We have a very clear set of guidelines, which we have improved in recent years, such as by putting CCTV cameras in slaughterhouses. As the noble Lord will know, the Food Standards Agency oversees this and requires vets to be present. I think his point relates to pre-stun slaughter, and that is an ongoing discussion. We want to work with those groups that want a particular type of slaughter, while recognising that there is a very strong view out there about our knowledge and understanding of what an animal senses in those final moments of its life. We want to make sure that our WATOK rules, as they are called, are absolutely up to date, and I shall continue to keep him informed of this.

My Lords, it is absolutely right that the Government seek to be at the forefront not only of technology but also of animal welfare. What thinking is there in the department about the future of meat, particularly lab-grown meat and whether there are any welfare implications for lab-grown meat in future?

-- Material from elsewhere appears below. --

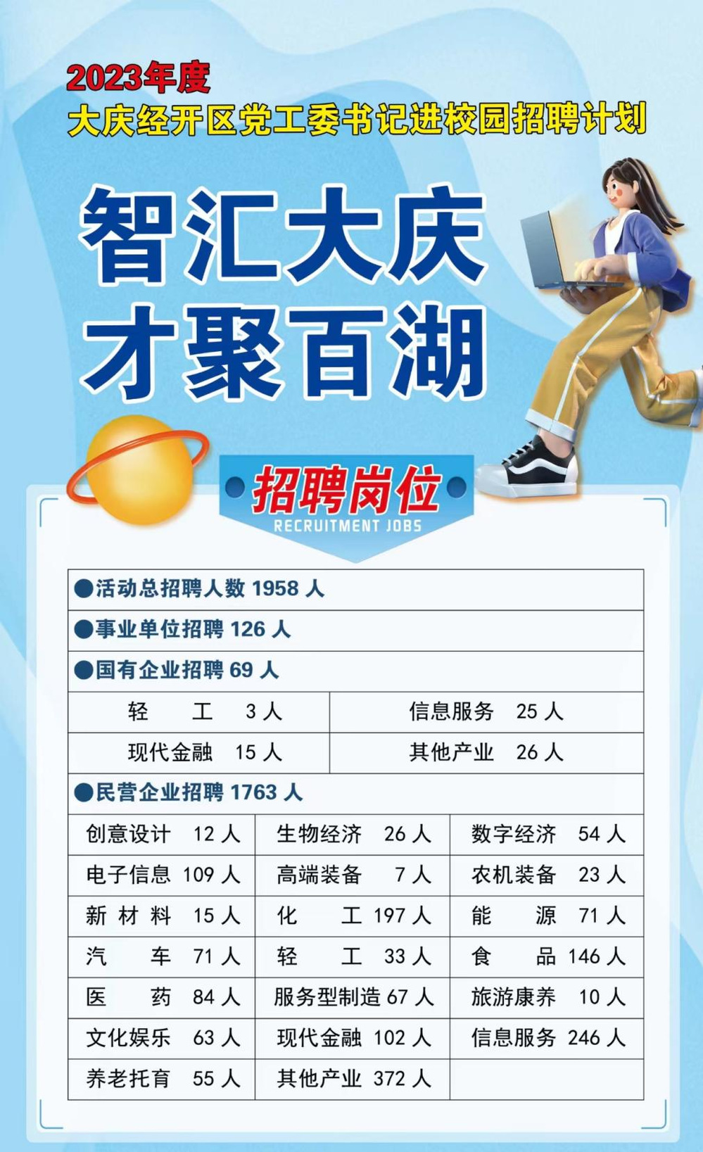 本次活动整合了全大庆市16家事业单位和149家企业人才需求,提供1958个工作岗位,衷心欢迎各位青年学生择业大庆、乐业经开,逐梦未来。

This is a fast-moving technology all over the world, and I think people look at it with some suspicion in terms of where plants come from and what has to happen to plants in order to make them both taste like meat and look like meat. We want to support a livestock industry in this country that continues to have a much wider benefit across the rural economy but with the highest welfare standards possible. However, in this area of policy, if a Minister was to stand at this Dispatch Box and go to the furthest extreme possible, there would still be people in the animal welfare movement—or more the animal rights movement—who would say it is too little, too late; you will never satisfy everyone. I think the Government have this right.

Nearly three years ago, the campaign group Christian Ethics of Farmed Animal Welfare published a report exploring the ethics of current farming practices, yet little has seemingly progressed. When Christian churches are concerned about severe welfare problems experienced by caged laying hens, broiler chickens and the impact of fast-growth breeds, we should probably take note. What discussions is the Minister having with chicken farmers to encourage transition back to slower-growing, higher-welfare breeds of chicken, as recommended by the RSPCA?

I refer the noble Baroness to my earlier comments about the power of the consumer here and retailers in informing their consumers and providing what they want. There is that side to it, but the Government have a role. The UK is currently 91% self-sufficient in eggs and produces 40 million hens per year. The movement for them to be either in cages where there are high welfare standards or reared in the open air is now moving very fast, but there is more that we can do. That is why we passed several rafts of legislation in recent years: the Animal Welfare (Sentencing) Act; the Animal Welfare (Sentience) Act, which does have relevance here; the Animals (Penalty Notices) Act; and a whole range of other measures, which we described in the Action Plan for Animal Welfare which the Government are taking through. Some of them are legislative but not all of them.